Improving cancer screening uptake in the community
community engagement activations
people across NSW learned about bowel screening
staff upskilled on bowel, breast and cervical cancer screening
Screening is one of the most effective ways to detect early signs of cancer. National screening programs are available in Australia to detect breast cancer, bowel cancer and cervical cancer. Screening and early detection is a key focus of our research. Through our Pathways to a cancer free future program, our researchers continue to investigate how to optimise cancer screening and early detection in Australia, providing crucial evidence to support policy and investment.
Thanks to our supporters, we’re:
Building evidence on the benefits, potential harms and costs of different breast screening approaches to optimise early detection and ultimately save more lives.
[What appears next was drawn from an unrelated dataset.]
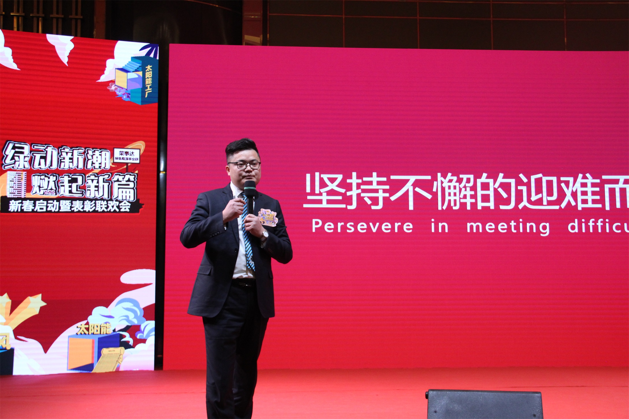 表明决心,立下誓言,君子之诺,此行必践。荣事达绿色能源事业群各代表上台进行宣誓。

Investigating the options for lung cancer screening in Australia to identify cost-effective, systematic ways to find lung cancer early in people with increased risk.
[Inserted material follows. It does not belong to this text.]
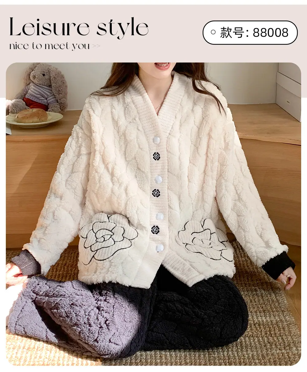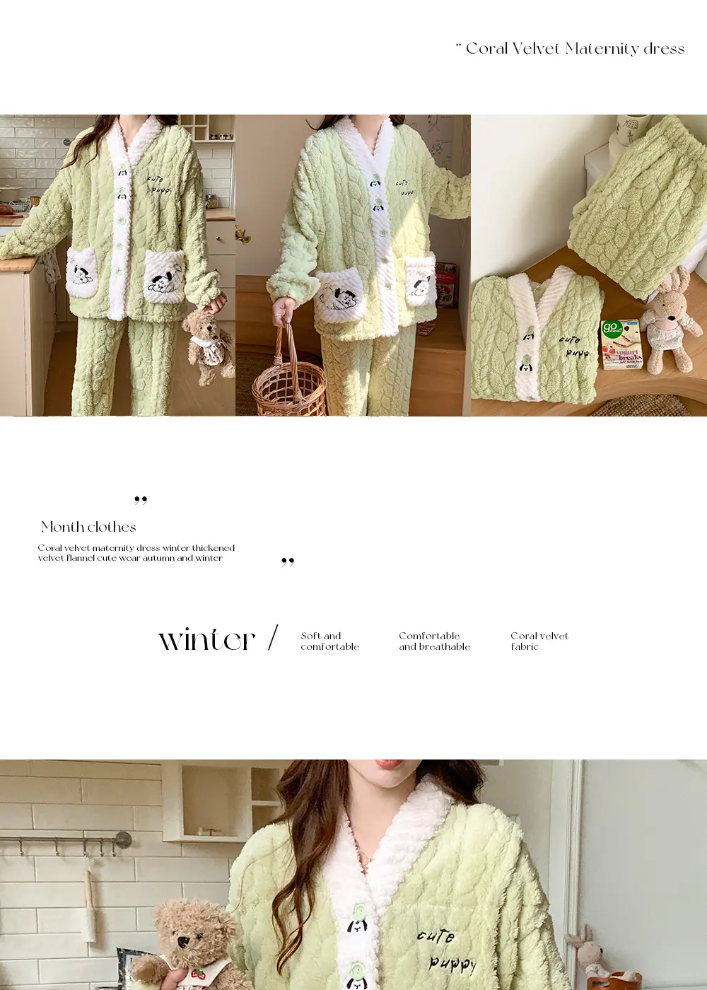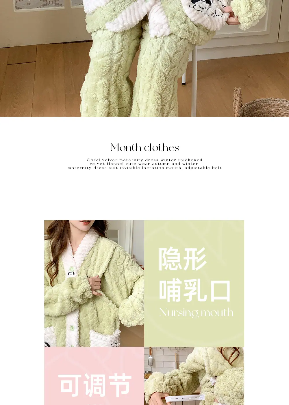 Xi Yue Venta al por Mayor Invierno Clase A Ropa de Maternidad Polar Coral 280 Gramos Embarazo Postparto Lactancia Calidez Pijamas para Mujeres Embarazadas

Supporting the World Health Organization (WHO) and other health leaders to develop and implement a global strategy for the elimination of cervical cancer as a public health issue.
Evaluating the National Bowel Cancer Screening Program to help guide investment, and support uptake of the program across Australia and to help inform strategies for targeting vulnerable groups.
Our strong links within the NSW community enable us to also support the national screening programs at a local level. In collaboration with Cancer Institute NSW, last year more than 50 of our staff were upskilled on the three national screening programs for breast, bowel and cervical cancer.
This means we can play an important role in providing the community with education on bowel, breast and cervical screening. We’ve already held 72 community engagement activations, helping 11,000 people across NSW learn about bowel screening.